▶ To do: Look through the entries below for the line with "This Vintage Italian" and the line with "3. SALE【Angel R/エンジェルアール】セクシー", then give again exactly those two lines and all lines between them, minus the pictures.

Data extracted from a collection

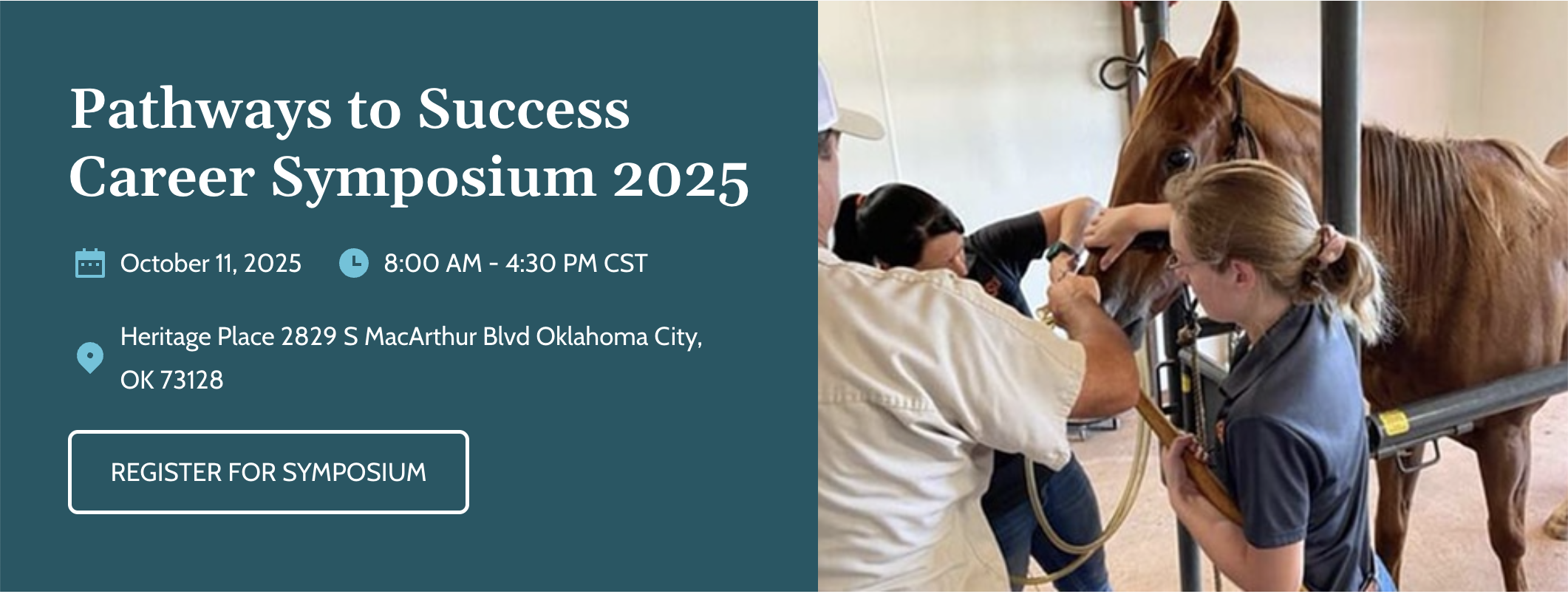 “Pathways to Success” Career Symposium is a unique networking opportunity for veterinarians, veterinary students of all four years, and industry sponsors held annually at Heritage Place in Oklahoma City. The purpose of this event is for veterinary students, with an equine focus, to network with equine practices to learn about externship, internship, and job opportunities that exist. Students are also given the opportunity to spend time and network with industry representatives about product lines, services offered, and begin forming relationships with industry representatives in attendance.
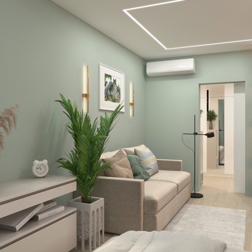 Этот интерьер завораживает своей естественной элегантностью — мягкие бежевые и светло-зеленые тона создают расслабляющую атмосферу, придают глубину пространству и добавляют уют.
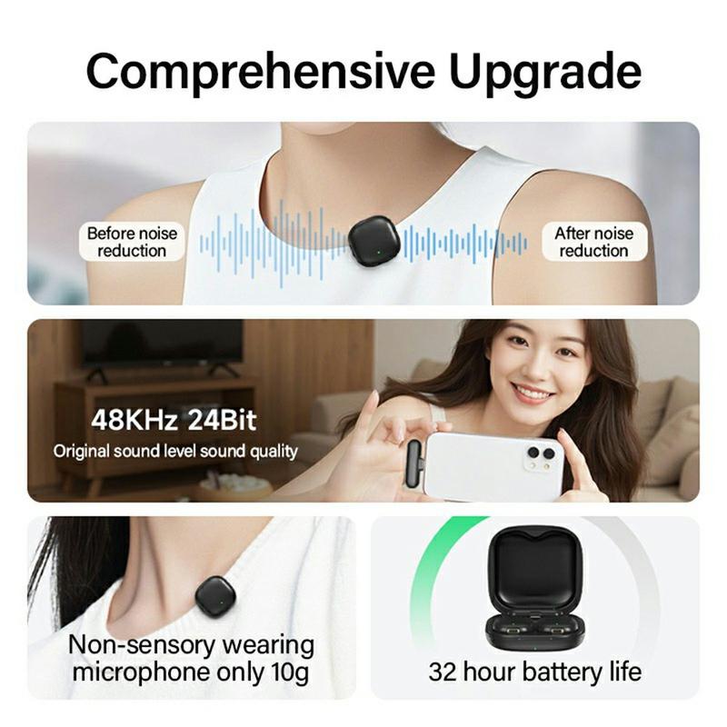 No apps, drivers, or Bluetooth pairing needed. Just plug the USB-C receiver into your device and enjoy auto-pairing in seconds. Compatible with iPhone 15/16/17, Android smartphones, tablets, and laptops – making it the ideal microphone for content creators across multiple platforms.
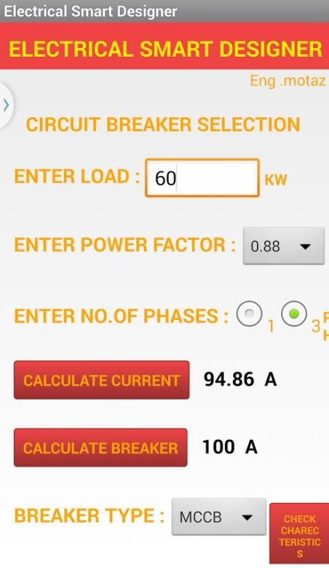 Aplikasi gratis ini membantu insinyur listrik yang bekerja di bidang desain / konstruksi untuk bangunan untuk menghitung arus dan pemutus sirkuit diperlukan untuk layanan. aplikasi ini berisi:
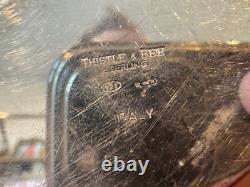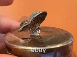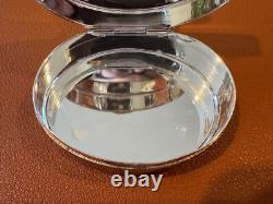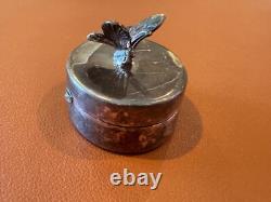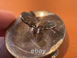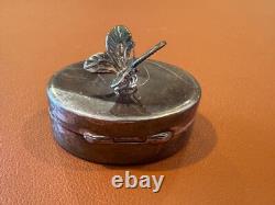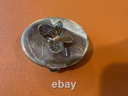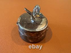 This Vintage Italian Thistle & Bee Sterling Silver Trinket / Pill Box features a unique design with a delicate butterfly detail. Made in Italy, this small trinket box exudes elegance and charm. Crafted from high-quality sterling silver, it serves as a beautiful and functional decorative piece for any collector or individual in need of a stylish storage solution for small treasures. In pretty good condition as the pics show with it needing a good polish and it comes exactly as shown.
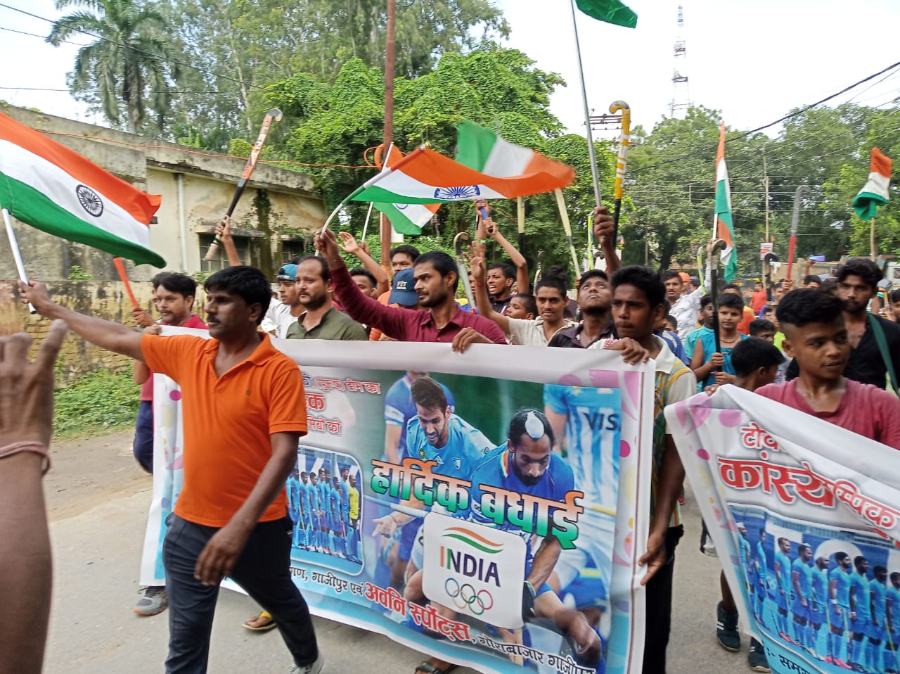 भारतीय हॉकी टीम के कांस्य पदक जीतने पर निकाला विजय जुलूस
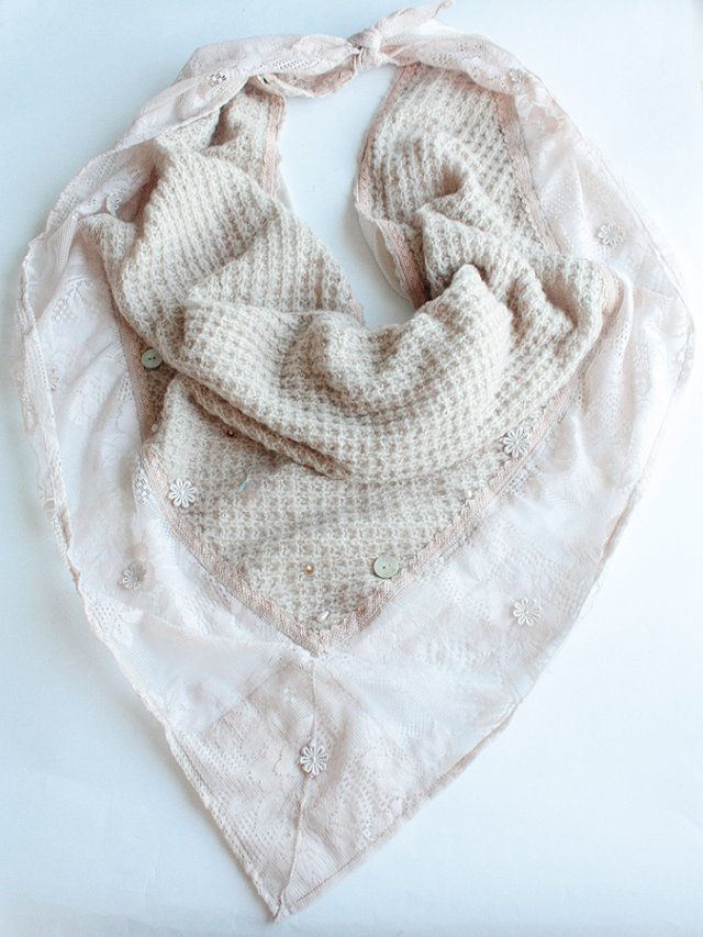 Fantazyjna, dwustronna chusta skadynawskiej marki Saint Tropez. Odcień to chłodny pudrowy róż wpadający w beż. Materiał to akryl przypominający moher. Chustę można nosić i układać na wiele sposobów.
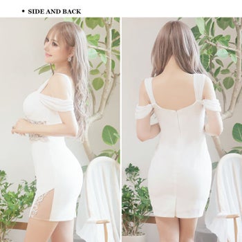 3. SALE【Angel R/エンジェルアール】セクシー オープンバスト 肩あき フラワーデザイン ビジュー タイトミニドレス (AR24831)
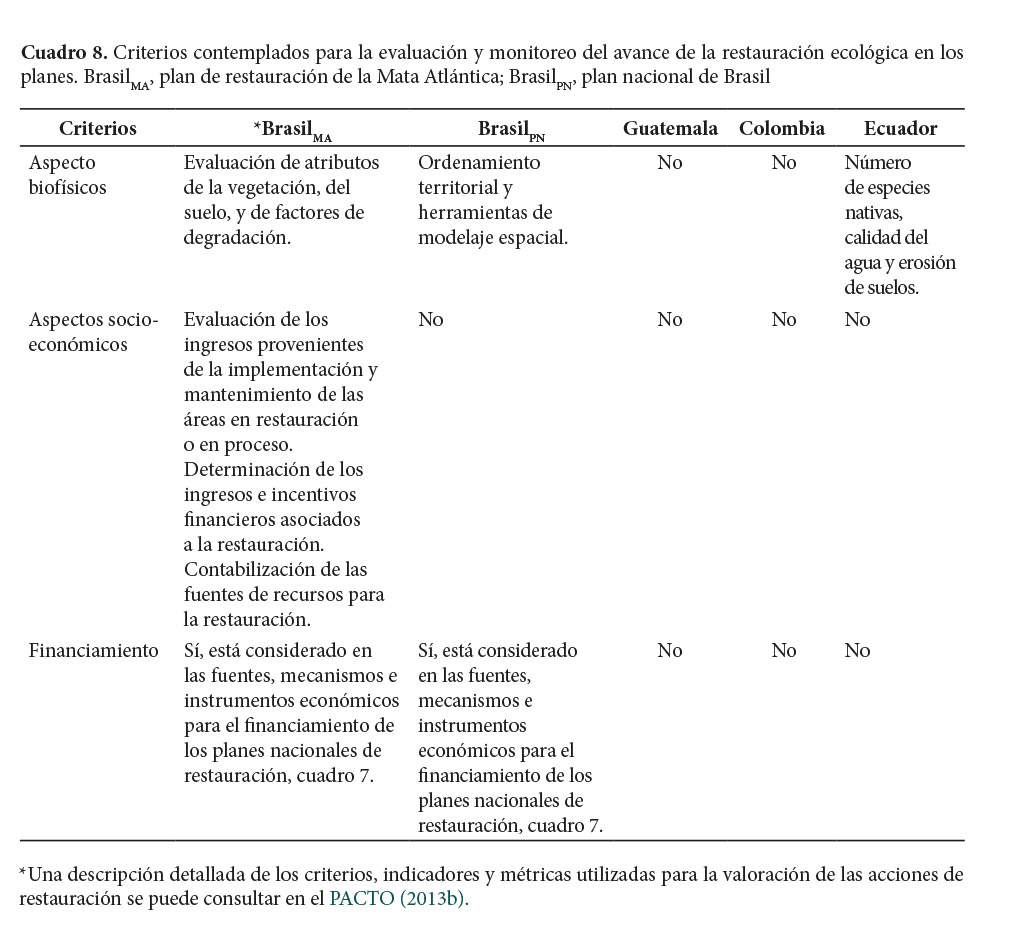 A la fecha, solo el plan de la Mata Atlántica de Brasil cuenta con un protocolo completo de monitoreo elaborado explícitamente para la valoración de las acciones de restauración. En dicho documento se establecen los criterios, indicadores y las métricas para monitorear tanto dimensiones ecológicas como socioeconómicas de la restauración (Cuadro 8). Por otro lado, el plan nacional de Brasil pretende utilizar herramientas de modelaje espacial para valorar el avance de las acciones de restauración. Guatemala se enfoca solo en el monitoreo o evaluación de la estrategia, sin mencionar cuales son los indicadores de éxito. El plan de Colombia no cuenta con un protocolo de monitoreo, pero el seguimiento de las acciones de restauración se pretende desarrollar e implementar mediante una estrategia nacional de monitoreo que aún está en proceso de elaboración. La efectividad de las acciones de reforestación del plan de Ecuador se evaluará con 11 indicadores ambientales y biofísicos, por ejemplo, número de especies nativas o calidad del agua y erosión de suelos.
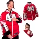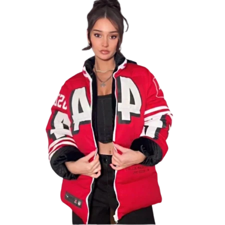 team. This jacket comes in red, and the logo of the San Francisco 49ers has
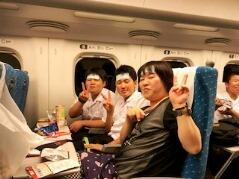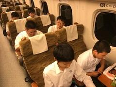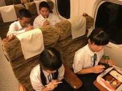 修学旅行生は広島平和記念公園での見学や講話を終え、新幹線で京都に向かっています。写真は新幹線の中でおやつを食べているときの様子です。写真を見ると額に冷却シートを貼っている子どもがいます。みんな笑顔なので、元気そうではありますが、どうしたのでしょう。ホテル到着後、学校に電話連絡が入るので、その時に聞いておきます。
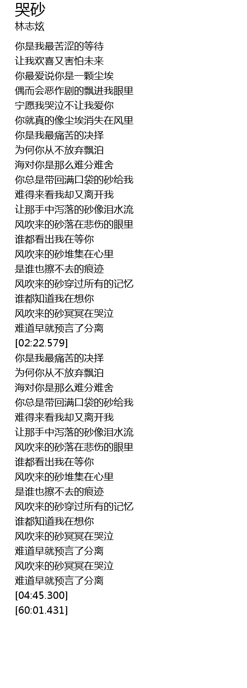 | [01:19.320] | 让那手中泻落的砂像泪水流 |
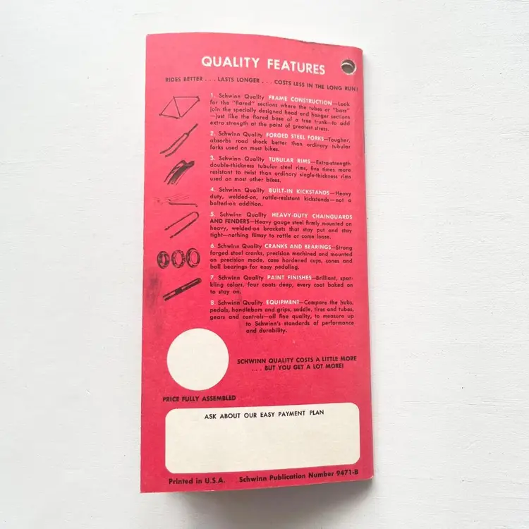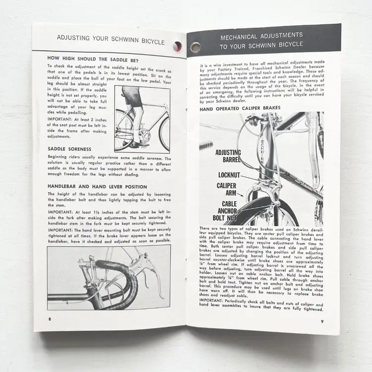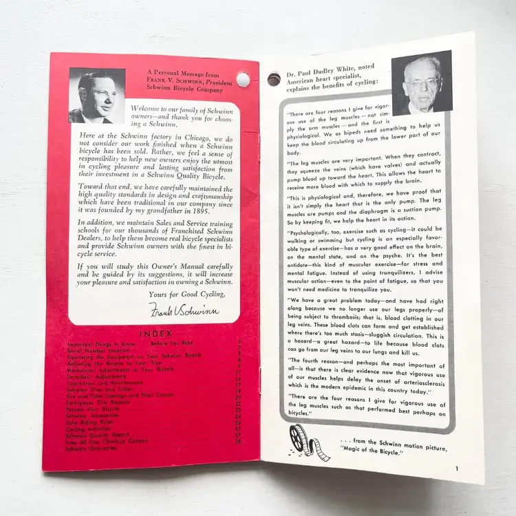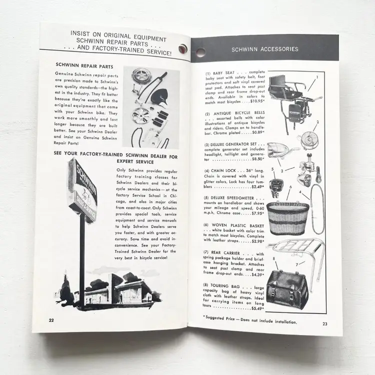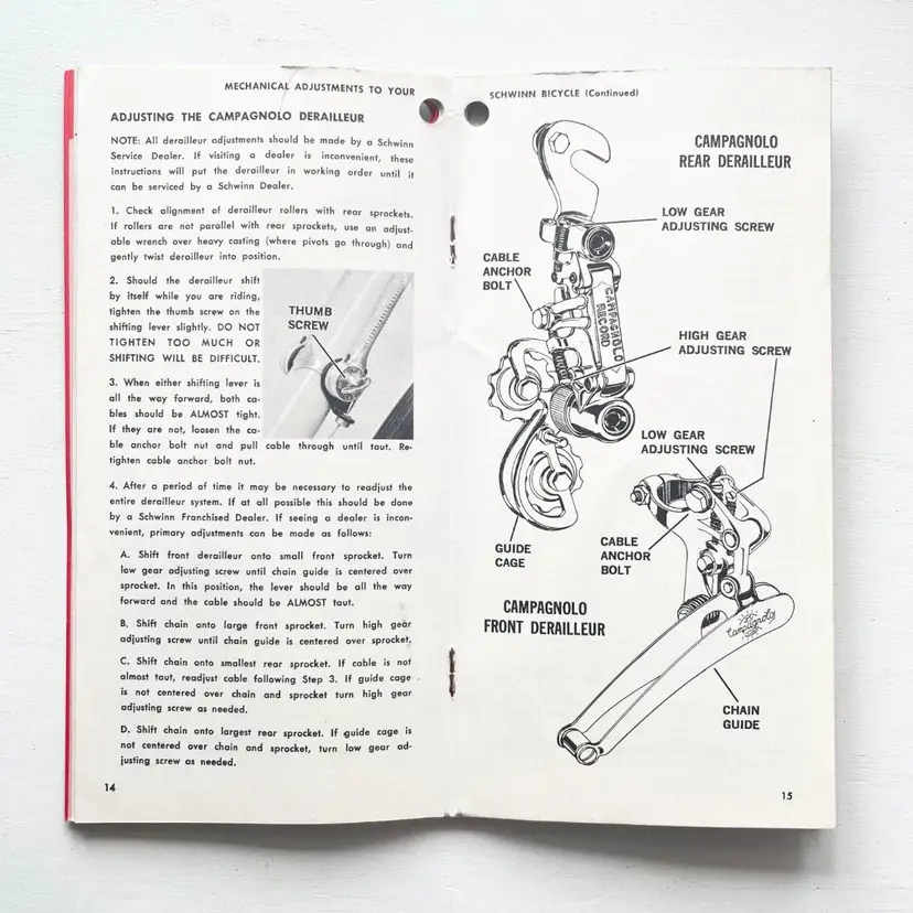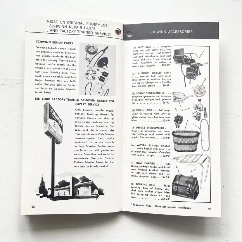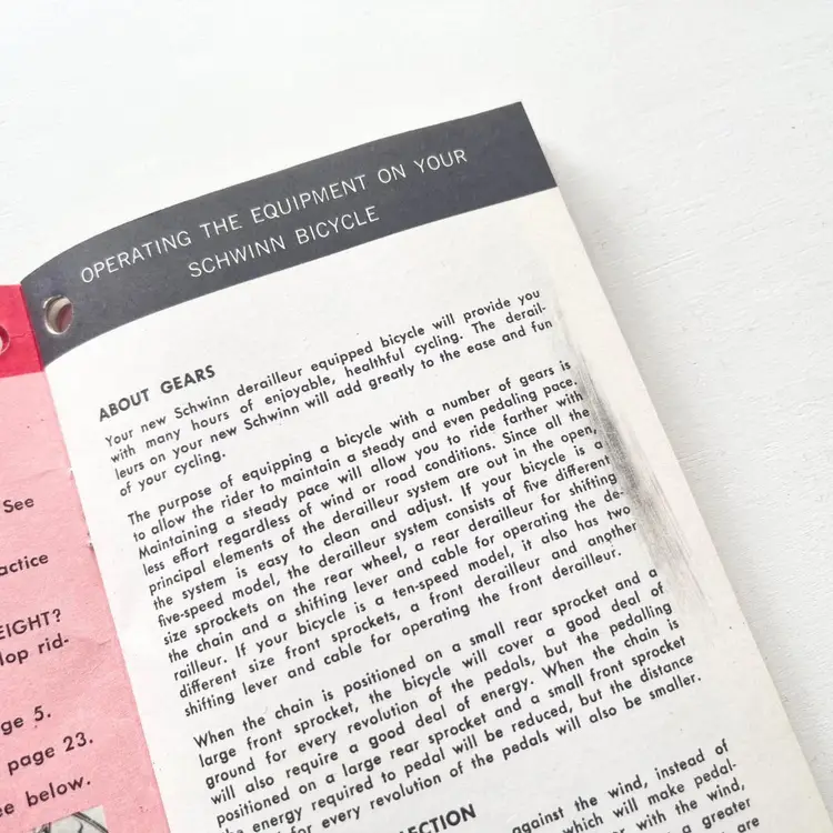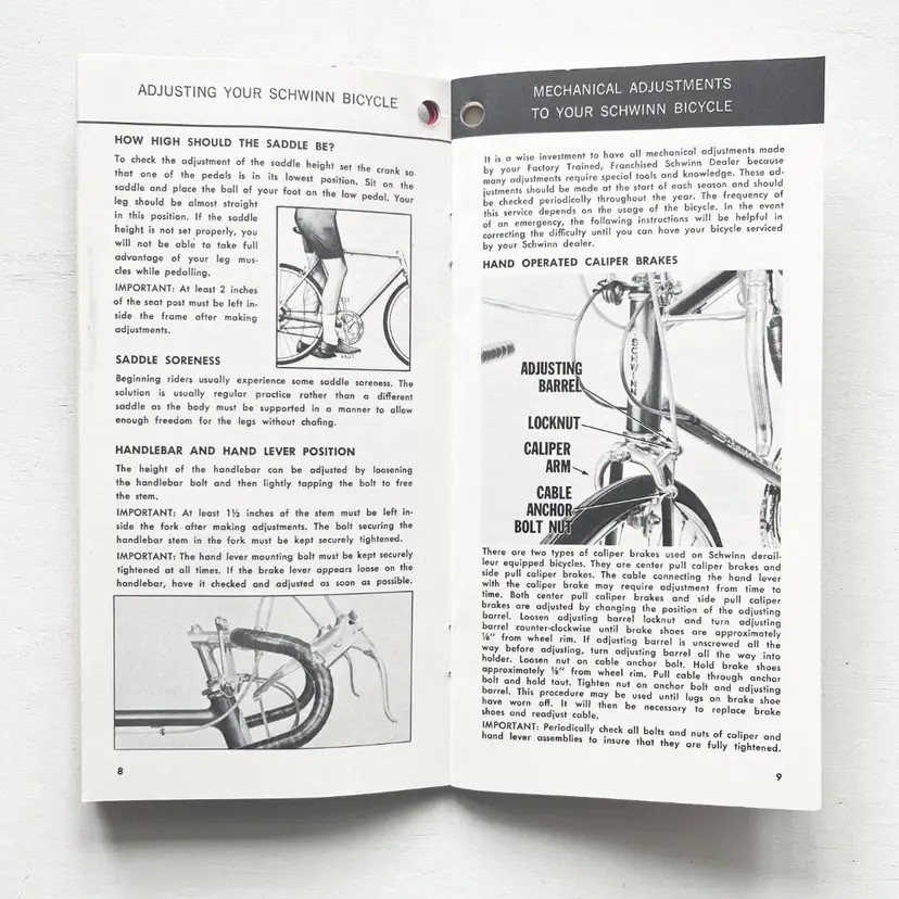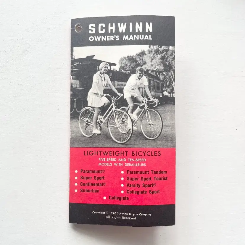 Schwinn Lightweight Bicycles Owners Manual Vintage 1970s 5 10 Speed Derailleurs Paramount, Super Sport, Continental, Suburban, Paramount Tandem, Super Sport Tourist, Varsity Sport, Collegiate Sport and Collegiate A Personal Message from Frank V. Schwinn, President Schwinn Bicycle Company Dr. Paul Dudley White Heart Specialist Explains the Benefits of Cycling Important Things to Know Before You Ride Serial Number Location Operating the Equipment of Your Schwinn Bicycle Adjusting the Bicycle to Your Size Mechanical Adjustments to Your Bicycle Derailleur Adjustments Lubrication and Maintenance Schwinn Tires and Tubes Tire and Tube Damage and Their Causes Emergency Tire Repairs Protect Your Bicycle Schwinn Accessories Safe RIding Rules Cycling Activities Schwinn Quality Report Free 30 Day Check Up Coupon Schwinn Guarantee 26-Page Booklet Condition: Wear around the edges, on the corners, around the hanger hole area. The pages are clean. Measures 7-1/2 inches x 4 inches Packaged in a plastic sleeve inside a rigid envelope Visit my store to see more vintage ephemera, advertising, novelties, gifts, estate sale and yard sale finds https://district.net/u/finderspickerspaper SKU B31

▶ Written reply:
 This Vintage Italian Thistle & Bee Sterling Silver Trinket / Pill Box features a unique design with a delicate butterfly detail. Made in Italy, this small trinket box exudes elegance and charm. Crafted from high-quality sterling silver, it serves as a beautiful and functional decorative piece for any collector or individual in need of a stylish storage solution for small treasures. In pretty good condition as the pics show with it needing a good polish and it comes exactly as shown.
 भारतीय हॉकी टीम के कांस्य पदक जीतने पर निकाला विजय जुलूस
 Fantazyjna, dwustronna chusta skadynawskiej marki Saint Tropez. Odcień to chłodny pudrowy róż wpadający w beż. Materiał to akryl przypominający moher. Chustę można nosić i układać na wiele sposobów.
 3. SALE【Angel R/エンジェルアール】セクシー オープンバスト 肩あき フラワーデザイン ビジュー タイトミニドレス (AR24831)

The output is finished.